In 1986, evolutionary biologist Dr. Joseph Popp infected many people with AIDS, just not the way you might think. “AIDS Information Introductory Diskette” was the world’s first known ransomware attack and was introduced into systems through a floppy disk which Popp mailed to his victims. 30 years later, the bad guys are still relying on human error to bring forward a new generation of even more dangerous ransomware threats. If you’ve missed out on encryption ransomware, lock screen ransomware, master boot record (MBR) ransomware, consider yourself lucky! Dr. Popp defended his hostage taking by explaining that the money was going to the PC Cyborg Corporation for AIDS research. Today’s hostage takers are harder to find and more interested in stealing your money than social causes. These days, if your network, mobile or desktop computer, falls victim to “ransomware” your financial data and business records could be locked with strong encryption along with a demand that you to pay for a key to unlock the files. Are you familiar with Bitcoin and the dark internet?

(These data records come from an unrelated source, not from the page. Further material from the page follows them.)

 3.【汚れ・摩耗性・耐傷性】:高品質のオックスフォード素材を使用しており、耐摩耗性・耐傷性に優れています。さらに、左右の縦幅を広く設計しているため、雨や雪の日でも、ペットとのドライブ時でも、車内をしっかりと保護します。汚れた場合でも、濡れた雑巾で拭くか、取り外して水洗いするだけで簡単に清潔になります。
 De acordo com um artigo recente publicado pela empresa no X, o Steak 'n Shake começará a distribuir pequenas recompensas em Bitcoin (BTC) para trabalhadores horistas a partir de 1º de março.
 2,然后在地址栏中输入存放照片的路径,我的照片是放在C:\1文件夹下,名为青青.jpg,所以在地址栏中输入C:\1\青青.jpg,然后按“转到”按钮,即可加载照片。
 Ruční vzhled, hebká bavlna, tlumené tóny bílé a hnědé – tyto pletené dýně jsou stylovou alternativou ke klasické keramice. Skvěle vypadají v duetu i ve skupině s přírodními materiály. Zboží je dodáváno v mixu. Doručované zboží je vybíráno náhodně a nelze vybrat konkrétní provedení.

The evolution of IP connected devices at retail has changed the nature of threat vectors. Today, retailers must be as concerned with their Non-Card Data environment as they are protecting the card data environment. Ransomware is one of the clearest examples of the expanding data security threats. According to an analysis published by Trend Micro the average ransom demanded was approximately $722. Hollywood Presbyterian Medical Center paid $17,000 and The University of Calgary paid $20,000. Trend Micro found the majority of organizations that are infected by ransomware end up paying the ransom. Three-quarters of companies which had not suffered a ransomware infection reported they would not pay up when presented with a data ransom demand. Clearly, people tend to see things differently when they’re the ones in the hot seat. Retailers have millions of dollars in sales at risk, would you pay if your stores where offline?

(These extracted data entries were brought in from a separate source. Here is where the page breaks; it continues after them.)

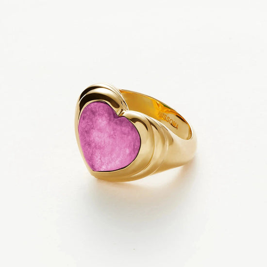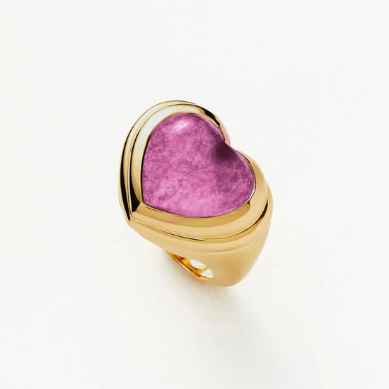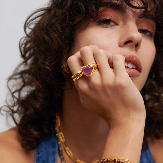 Share the love. The chubby jelly heart gemstone ring is set with a dyed purple quartz cabochon stone – known for bringing purity stone – surrounded by signature ridge detailing on a domed band. Wear solo or stack with other chunky pieces.
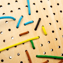 Nizanje vrvic skozi luknjice in pritrjevanje lesenih delčkov trenira prijem, natančnost gibov in zbranost.
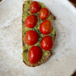 Kızartılmış ekşi mayalı ekmek üzerine avokadolu, zeytinyağlı, cherry domatesli lezzet.
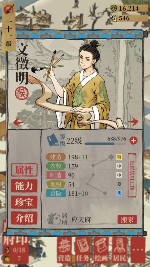二、是人物的理财属性培养。对于理财属性强的人物要重点培养。李时珍和白素贞的理财能力已经差不多培养到能增收30%的程度,用在产出最大的画院产出相当可观。
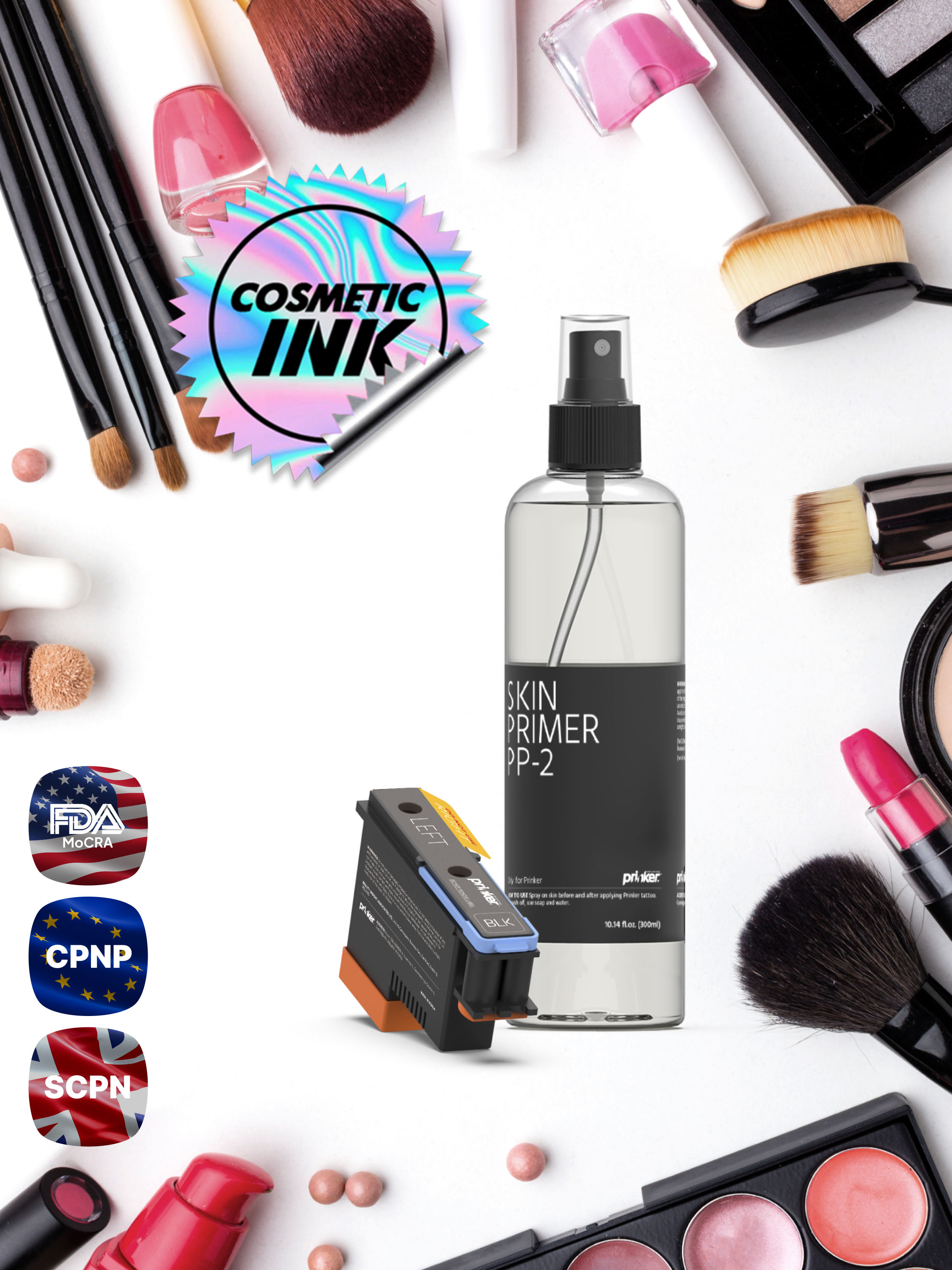 أحبار برينكر إس وبرايمر البشرة مُطوّران خصيصًا باستخدام تركيبة تجميلية، ومُسجّلان لدى إدارة الغذاء والدواء الأمريكية (FDA) ووزارة الصحة (MoCRA)، ومُسجّلان لدى CPNP (الاتحاد الأوروبي) وSCNP (المملكة المتحدة) كمنتجات تجميلية. أحبار برينكر مقاومة للتلطخ والماء، وفي الوقت نفسه، يُمكن إزالتها بسهولة بالماء وقليل من الصابون أو بمزيل المكياج. مع برايمر البشرة، تدوم التصاميم المطبوعة لفترة أطول على بشرتك.

How big of a problem is ransomware within the C-store space? During this year’s NACS conference at the “Technical Tools of Data Protection” session, Hugh Williams, CIO of Maverick said: “We focus so much on the CDE, but probably the biggest threat out there is ransomware. It’s looking for ingress right now. They are not some much interested in your card data, they want your other stuff”. When the room was asked who had been attacked by ransomware, nearly a dozen retailers raised their hand.
Protecting yourself from ransomware attacks, or how not to be the next ransomware victim, is a major challenge. The first step is to understand that this challenge is beyond the scope of PCI and your POS. Ransomware finds its way into your environment in a number of ways. Two common threat vectors are leveraging iOT devices or tricking people to inadvertently undermining the security of their device, like enabling a marco on a windows document.

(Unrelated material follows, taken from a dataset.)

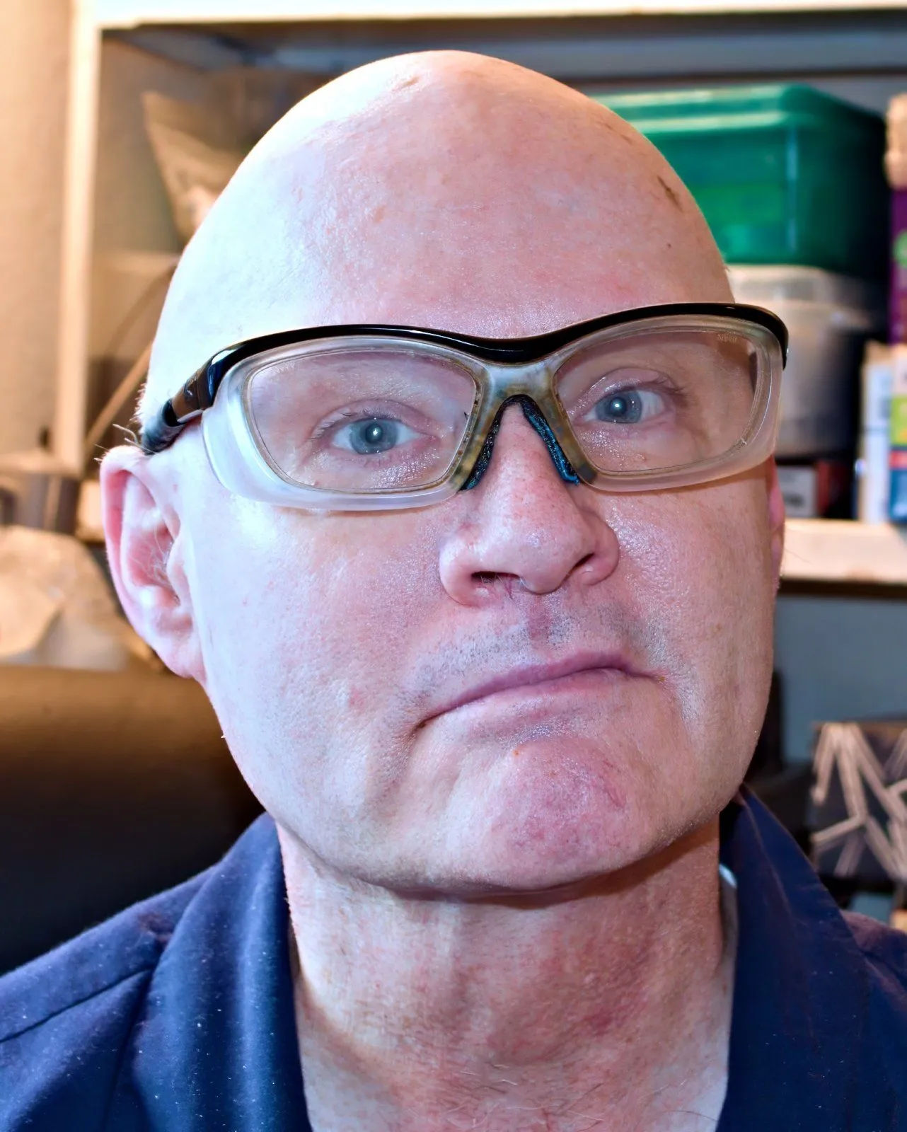 This picture taken less than an hour ago, to be posted elsewhere in connection with a comment that I don't think I look nearly as old as I am. It's possible, by now, that if I were to let my hair grow out, I might see that it is now grey or even white, and that might make me look older than I otherwise do. As of when I started keeping my head shaved, some time before about 2010 or so, it had not yet shown any signs of going grey.

Stopping employees from opening the door to the bad guys takes “people and process”. Maintaining a secure network that closes the door to the bad guys requires good tools and proper scanning and patching. Management often doesn’t prioritize internet security until it’s too late. CIO’s work to develop ROI analysis to drive budget for investment network security. CEO’s need be educated on protecting the business from internet threats like ransomware, and having a full disaster recovery scenario that is fully backed up and periodically tested. To harden defenses against ransomware attacks, retailers can adopt policy changes. IT departments can close the door by expanding the objectives of data security beyond PCI with an emphasis on scanning and patching outside of the card data environment. In the c-store business, iOT is only growing. Are your pumps IP enabled?